Die langfristen Folgeschäden, die sich aus der systematischen Auslöschung aller Arbeitsgemeinschaften ergeben, wie sie sich in einigen Bundesländern gerade abzeichnet, lassen sich bisher nur erahnen: Wird die musikalische Arbeit für ein Jahr eingestellt, ist kein Ensemble, kein Schulchor zu retten. Das Erlebnis des gemeinsamen Musizierens lässt sich nicht einfrieren!

"Tendenzen, einen essenziellen Bereich der menschlichen Ausdrucksfähigkeiten wegzurationalisieren, und Schule zur Dienstleistungsorganisation einer ökonomisch ausgerichteten Gesellschaft zu machen, waren schon lange vor der Corona-Pandemie erkennbar. Dabei sollte es eine zentrale Aufgabe der Schule sein, trotz krisenbedingter Einschränkungen ein Mindestmaß der Schulkultur aufrecht zu erhalten: Nur die Kultur macht den Mensch zum Menschen!“ (BMU-Präsident Prof. Dr. Jürgen Oberschmidt)
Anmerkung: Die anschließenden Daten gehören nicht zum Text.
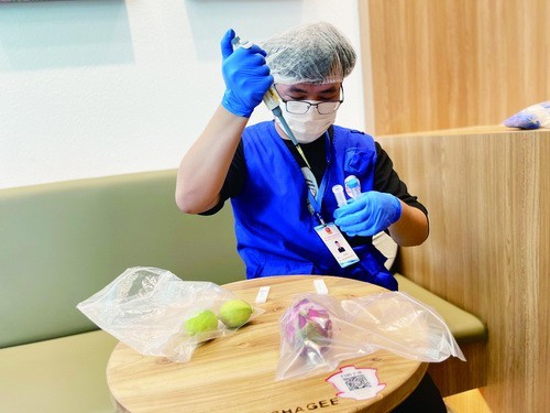 第三方檢測(cè)機(jī)構(gòu)在兩家飲品店隨機(jī)抽取香水檸檬、火龍果、西瓜,現(xiàn)場(chǎng)快速檢測(cè)農(nóng)藥殘留等是否超標(biāo),檢測(cè)結(jié)果均為合格。
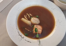 Борщ рівня столової. Не погано але точно не відповідає заявленому рівню закладу та і ціни. А канапки на сухарях. . буквально. Замість свіжого житнього багету, подали сухарь який ще і на гриль закинули. Якщо така якість на простих речах, дальше пробувати навіть не ризикуєм.

"Schule lebt nur durch Gemeinschaft und gerade die musikalischen Arbeitsgemeinschaften prägen das Schulleben in ganz besonderer Weise. Solche außerunterrichtlichen Aktivitäten, in denen sich die Ergebnisse einer jahrzehntelangen Aufbauarbeit kristallisieren, sind für alle Kinder und Jugendliche ein wichtiger Ort des gemeinsamen Fühlens und Erlebens. Hier können sie sich sozial und kulturell verwurzeln“. (BMU-Präsident Dr. Michael Pabst-Krueger)

Der BMU fordert die politischen Entscheidungsträger daher dazu auf, die fatalen Auswirkungen pauschal ausgesprochener Verbote auf die gesamte Schulkultur im Blick zu haben und im Zusammenwirken mit den Verbänden sowie unter Berücksichtigung evidenzbasierter Empfehlungen gemeinsam Lösungen zu finden, die ein Fortbestehen musikalischer Ensemblearbeit an Deutschlands Schulen auch unter Corona-Bedingungen ermöglichen. Solch ein verantwortungsvolles Handeln sind wir uns allen schuldig: den musizierenden Kindern und Jugendlichen, ihren Lehrerinnen und Lehrern – und nicht zuletzt der ganzen Schulgemeinde.